Nul ne peut mesurer l'impact exact des interpellations de la Première ministre sur ses ministres mis en cause pour viols lors de la campagne des législatives, mais elles n'ont sans doute pas aidé nombre de personnes à glisser un bulletin Ensemble dans l'urne. Nul doute qu'Élisabeth Borne aurait préféré qu'on lui parle d'autre chose que des potentiels agresseurs sexuels au sein de l'équipe qu'elle avait constituée. Celle qu'on dit en coulisses exaspérée par ces polémiques avait dû se contenter de botter en touche, en prétendant vouloir attendre que la justice se prononce avant de limoger un mis en cause, manœuvre déjà contestable pour une responsable comme nous l'avons souligné. Pour tenter d'échapper au moins temporairement à ses responsabilités, Élisabeth Borne a ainsi lancé un appel aux femmes ayant mis en cause des ministres pour viols ou tentatives de viols : «En tant que Première ministre, je le dis aussi en tant que femme, il faut permettre à la justice d'établir les faits. Il ne faut pas hésiter à aller porter plainte.» Cet appel a manifestement été entendu, puisqu'on a appris hier qu'une des femmes avait ainsi déposé plainte.
Néanmoins, il y en a qui n'a pas écouté la Première ministre, et pas des moindres : Damien Abad lui-même. En effet, il a immédiatement annoncé avoir lui-même contre-attaqué en déposant une plainte pour dénonciation calomnieuse, bafouant l'engagement pris par sa cheffe de gouvernement : contrairement à ce qu'Élisabeth Borne avait affirmé, en précisant bien parler à la fois comme femme et comme Première ministre, il y avait bien une bonne raison d'hésiter. Non seulement il devait déjà être difficile de déposer plainte pour viols contre un ministre. De le faire auprès de forces de l'ordre répondant aux ordres d'un second ministre qui avait lui-même été mis en cause pour viols, et a à tout le moins reconnu avoir obtenu des relations sexuelles d'une femme venue lui demander son aide. Le tout sous la supervision d'un garde des Sceaux qui déclarait il y a peu dans GQ que «Le mouvement #Metoo a permis de libérer la parole et c’est très bien. Mais il y a aussi des “folasses” qui racontent des conneries et engagent l’honneur d’un mec qui ne peut pas se défendre car il est déjà crucifié sur les réseaux sociaux.» Oui, assurément, il devait déjà être difficile de déposer plainte et d'avoir pleinement confiance en l'impartialité de toute la machine judiciaire… mais il faudra donc désormais pour cette femme subir, en plus de tout cela, une plainte pour avoir donc osé parler, intimidation supplémentaire d'un ministre qui, personne ne le niera, donnera assurément des raisons d'hésiter aux autres femmes envisageant de sortir à sa suite de l'anonymat. En portant plainte en diffamation, Damien Abad a donc littéralement piétiné la parole de celle qui devrait pourtant être sa cheffe, et qui avait promis aux femmes qu'elle ne devaient pas avoir peur de saisir la justice.

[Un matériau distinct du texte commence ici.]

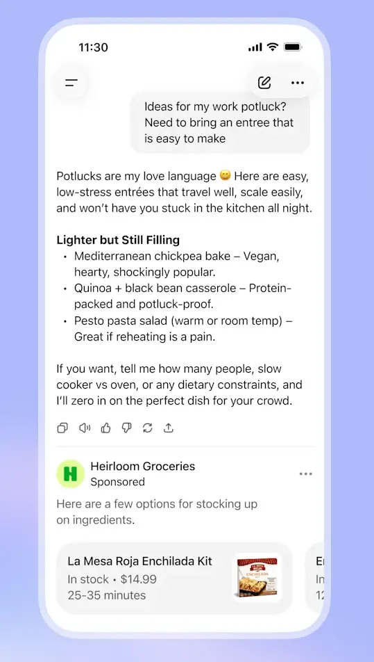 구글 제미나이도 AI Overviews에 쇼핑 광고를 섞는 전략을 쓰지만, 챗GPT의 대화형 UX가 더 강력한 차별점입니다.

Élisabeth Borne n'a plus que deux options désormais. Soit la cheffe de gouvernement affirme son autorité et doit congédier ses ministres accusés de viols, d'autant plus quand ils trahissent ses propres engagements de Première ministre et de femme ; quitte à mettre sa propre démission dans la balance si Emmanuel Macron s'efforçait de continuer à les couvrir. Soit elle se tait et ne fait rien, prouvant qu'elle n'a pas été mise à ce poste pour conduire un gouvernement, mais uniquement pour obéir à des ordres et servir de caution morale à de potentiels agresseurs qui s'essuient les pieds sur son autorité. Cette dernière voie risquerait de donner l'image que Matignon ne serait qu'un éphémère secrétariat féminin au service d'hommes, dont certains abuseraient de leur pouvoir mais dont tous partageraient le même mépris pour les femmes.